The New York Times reported late last week that Malatras and several other senior advisers to Cuomo reworked the health department’s July report, and that a decision was made to remove the hospital deaths for fear the complete numbers would be an embarrassment for the governor.
Garvey, Cuomo’s counsel, issued a statement after the Times’ report, saying that the ultimate decision to remove the hospital deaths was made by “the Chamber.” Hammond said he regarded “the chamber” to be a coy way of conceding without saying so directly that the governor himself made the decision. An administration spokesperson did not respond when asked what Garvey meant by “the chamber,” and about Hammond’s interpretation.
Garvey said the Cuomo administration had long acknowledged it wasn’t making public the count of deaths in hospitals, but noted that the deaths had always been included in the total figures for COVID-19 deaths in New York state.
Back in July, days after the health department report was made public, ProPublica asked Malatras about what methodology the report had used, who had written it and why the administration had claimed it was peer-reviewed. Malatras would not say who authored the report and conceded the analysis had not been peer-reviewed in the way a report in a medical journal would have been.
At the time, Malatras said nothing about the removal of hospital deaths or whether he or any other senior aide to Cuomo had played a role in reworking aspects of the report.
“Some people alleged that the spread of infection came from early cases; some people said it was due to the amount of personal protective equipment; some said it was the relative age of residents; some said it was the quality of the facilities,” he said of the questions the report tried to answer. “So we measured that. We took the independent variables and measured it against the fatalities.”

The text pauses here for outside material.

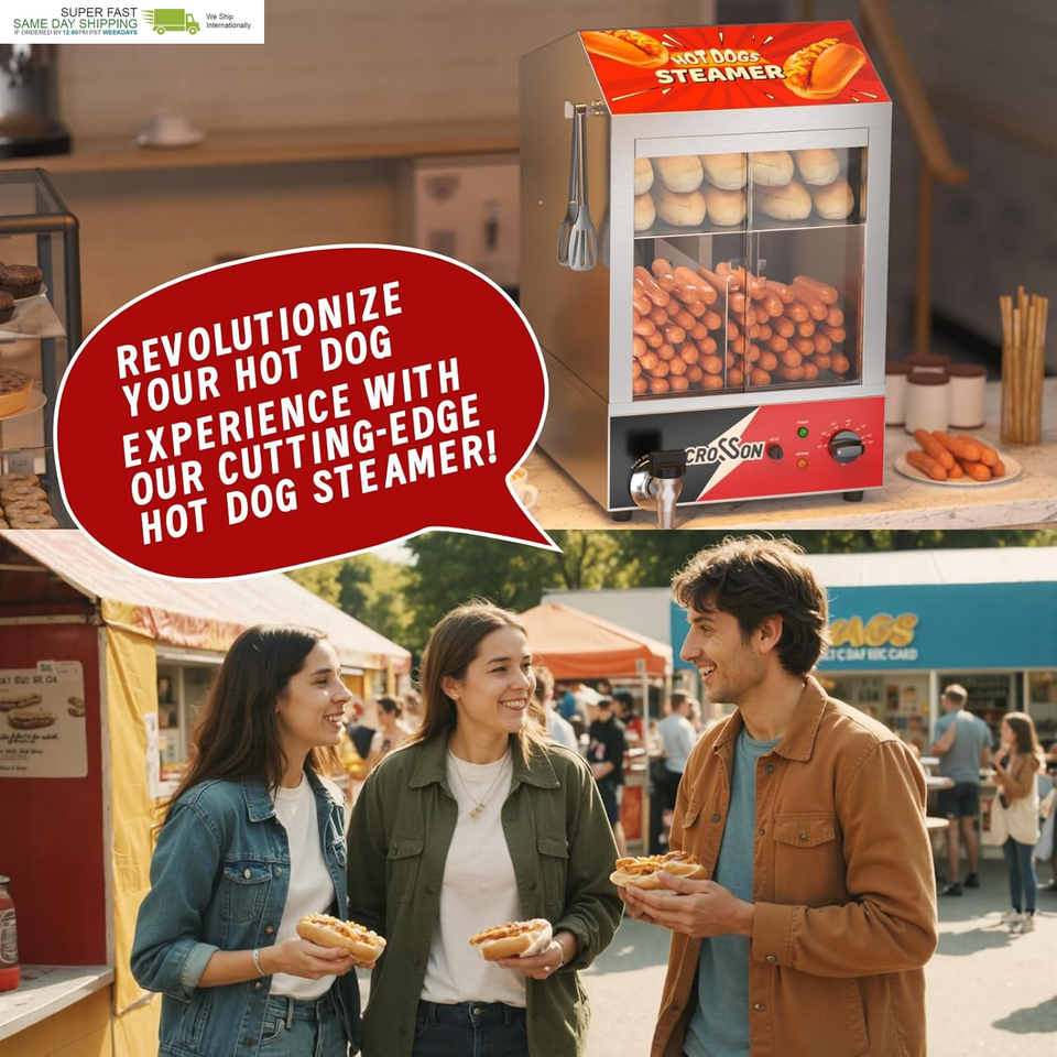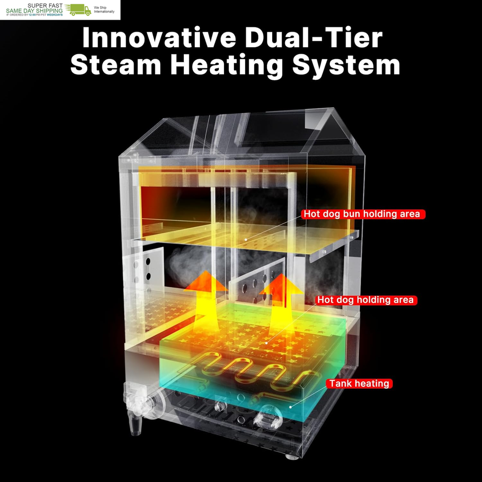 Innovative Dual-Tier Steam Heating System: By simply heating water, it generates a gentle, consistent flow of steam to work its magic. The lower tier serves as the ideal haven for your hot dogs, ensuring they're cooked evenly and infused with mouthwatering flavor. Meanwhile, the upper tier keeps your freshly baked buns warm and fluffy, ready to embrace the delicious sausages.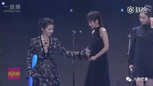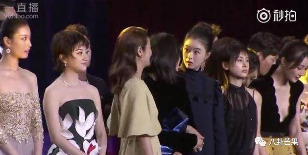 从高台上下来后,台上分成三块:蒋欣,刘涛王子文,乔欣杨紫。

Malatras added at the time: “This is a sort of academic study. You can’t with 100% certainty say none of the cases were due to admissions or age or other things. Of course not. That’s not what an academic study does; it takes data and says what are the strongest variables. We found it was the workforce.”

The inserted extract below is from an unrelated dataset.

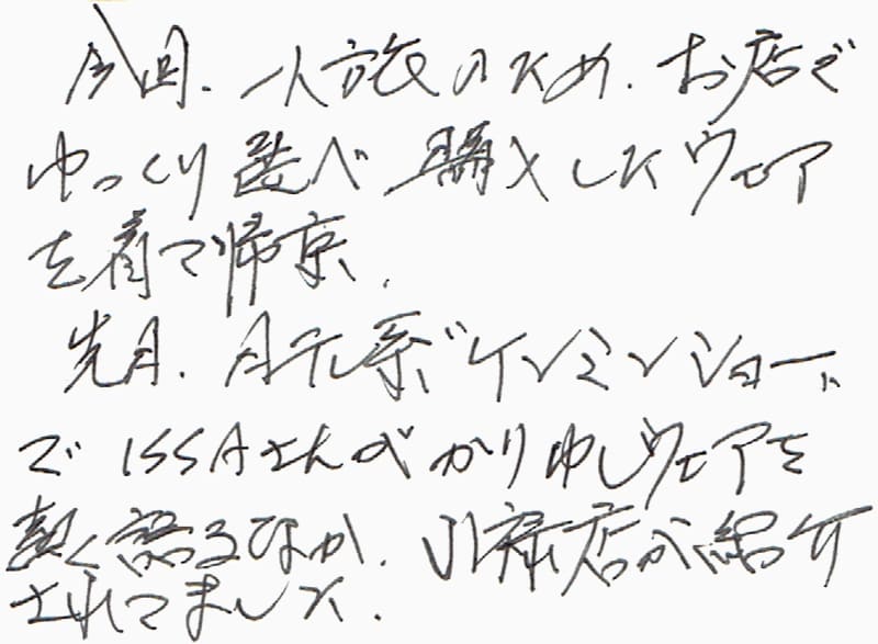 今回、一人旅のため、お店でゆっくり選べ購入したウェアを着て帰京。先月、日テレ系〝ケンミンショー〟でISSAさんがかりゆしウェアを熱く語るなか、小禄店が紹介されてました。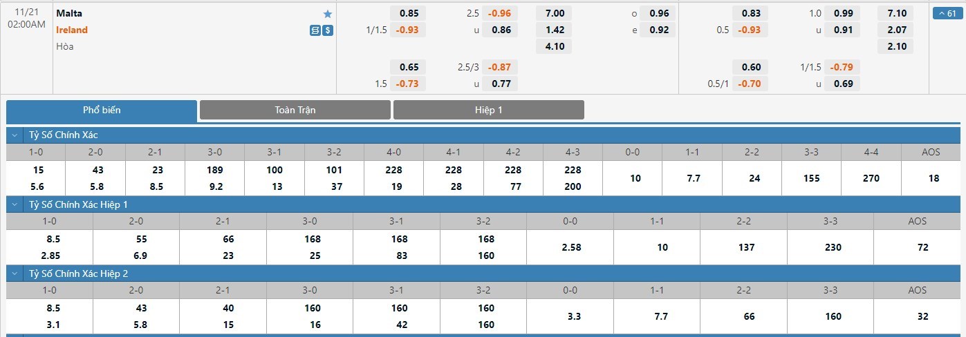 Trong 5 trận đấu gần nhất của mình, Malta không có trận đấu nào mang về được cho mình ít nhất là 1 bàn thắng trong hiệp đấu đầu tiên. Còn với Ireland, đội bóng này cũng đã có 4 lần làm được điều này trong 45 phút đầu tiên. Người chơi đương nhiên nên tin tưởng vào Ireland trong hiệp 1 để có sự an toàn lớn hơn.

ProPublica asked a McKinsey spokesperson if the firm had been aware of the removal of the hospital deaths and whether it was comfortable with that decision and with the limited report that was released last July. The firm said it could not comment.

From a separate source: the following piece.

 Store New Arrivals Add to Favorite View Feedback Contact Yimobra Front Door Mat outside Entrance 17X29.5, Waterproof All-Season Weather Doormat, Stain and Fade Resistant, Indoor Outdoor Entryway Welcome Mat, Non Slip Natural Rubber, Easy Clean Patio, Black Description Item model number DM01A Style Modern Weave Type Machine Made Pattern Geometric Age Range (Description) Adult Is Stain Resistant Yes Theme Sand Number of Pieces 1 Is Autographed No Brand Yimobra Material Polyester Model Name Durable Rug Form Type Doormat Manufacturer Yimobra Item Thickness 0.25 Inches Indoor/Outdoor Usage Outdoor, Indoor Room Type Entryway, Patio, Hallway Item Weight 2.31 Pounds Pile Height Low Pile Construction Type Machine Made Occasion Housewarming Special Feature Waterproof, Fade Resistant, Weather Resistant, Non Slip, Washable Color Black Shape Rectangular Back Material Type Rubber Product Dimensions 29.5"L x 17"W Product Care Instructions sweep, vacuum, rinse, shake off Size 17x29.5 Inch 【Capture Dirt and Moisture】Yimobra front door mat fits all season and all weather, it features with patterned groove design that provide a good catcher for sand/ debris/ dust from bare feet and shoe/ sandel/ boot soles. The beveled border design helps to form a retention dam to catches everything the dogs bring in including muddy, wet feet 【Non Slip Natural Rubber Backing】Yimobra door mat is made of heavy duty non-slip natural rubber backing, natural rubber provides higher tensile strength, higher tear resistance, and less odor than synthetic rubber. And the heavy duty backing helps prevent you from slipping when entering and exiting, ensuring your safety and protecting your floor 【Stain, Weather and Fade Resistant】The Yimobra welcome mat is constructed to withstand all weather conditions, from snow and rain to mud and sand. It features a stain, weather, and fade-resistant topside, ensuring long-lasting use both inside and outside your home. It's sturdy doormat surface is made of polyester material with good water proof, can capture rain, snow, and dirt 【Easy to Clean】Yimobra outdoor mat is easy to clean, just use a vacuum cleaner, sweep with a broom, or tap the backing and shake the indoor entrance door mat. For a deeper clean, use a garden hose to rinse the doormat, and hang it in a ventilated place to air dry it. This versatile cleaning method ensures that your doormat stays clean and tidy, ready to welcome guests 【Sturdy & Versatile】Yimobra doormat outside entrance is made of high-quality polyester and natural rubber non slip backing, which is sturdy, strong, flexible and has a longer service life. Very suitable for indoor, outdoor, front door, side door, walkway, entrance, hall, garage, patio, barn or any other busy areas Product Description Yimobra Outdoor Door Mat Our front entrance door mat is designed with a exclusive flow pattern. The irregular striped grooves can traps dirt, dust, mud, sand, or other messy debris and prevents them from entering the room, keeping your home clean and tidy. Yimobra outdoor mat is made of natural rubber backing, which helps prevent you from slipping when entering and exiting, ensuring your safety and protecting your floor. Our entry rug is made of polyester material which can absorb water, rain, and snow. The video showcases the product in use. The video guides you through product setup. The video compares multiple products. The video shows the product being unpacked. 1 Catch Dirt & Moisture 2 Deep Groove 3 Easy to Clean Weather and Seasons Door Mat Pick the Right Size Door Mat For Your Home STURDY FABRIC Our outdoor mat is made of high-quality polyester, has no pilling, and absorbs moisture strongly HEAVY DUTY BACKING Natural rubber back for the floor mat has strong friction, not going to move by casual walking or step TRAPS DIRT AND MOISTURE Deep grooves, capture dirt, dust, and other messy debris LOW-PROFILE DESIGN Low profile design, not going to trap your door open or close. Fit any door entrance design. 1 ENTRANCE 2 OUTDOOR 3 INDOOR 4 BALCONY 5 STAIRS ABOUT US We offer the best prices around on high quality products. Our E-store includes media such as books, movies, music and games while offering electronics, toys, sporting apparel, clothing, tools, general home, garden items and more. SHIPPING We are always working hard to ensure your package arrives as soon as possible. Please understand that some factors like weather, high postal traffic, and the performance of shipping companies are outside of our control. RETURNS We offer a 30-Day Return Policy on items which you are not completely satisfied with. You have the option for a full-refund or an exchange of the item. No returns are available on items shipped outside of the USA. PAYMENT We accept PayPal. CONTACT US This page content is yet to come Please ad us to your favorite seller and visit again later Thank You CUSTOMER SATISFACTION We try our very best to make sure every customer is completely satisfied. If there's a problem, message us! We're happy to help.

When the SUNY Board of Trustees named Malatras as chancellor last August, the board said it had forgone a national search, instead looking only at candidates within its ranks, because of the urgency of the moment, as colleges across the country wrestled with how to deliver for their students during the pandemic. Malatras had served as chancellor at a SUNY campus, Empire State College, prior to rejoining the administration during the pandemic.
“A critical lesson learned from Covid-19 is that a pandemic demands urgent action,” board member Stanley Litow wrote after Malatras had been appointed. Of Malatras, Litow wrote, “Importantly, New York Governor Andrew Cuomo turned to him to help manage the overall effective statewide response to the pandemic where he worked closely with all agencies, especially those in health and economic development areas.”
Lawmakers from both major parties raised alarms about the appointment of Malatras, objecting to the decision not to conduct a national search and questioning whether someone so close to Cuomo could truly be an independent protector of the state university system. The Board of Trustees was unmoved.
“Covid-19 is a pandemic with no precedent,” Litow wrote. “Finding the right new leadership for SUNY required prompt and effective action. Breaking with tradition will prove to be the right decision.”
Litow did not respond to a request for comment on Malatras and his role in crafting and defending the July report.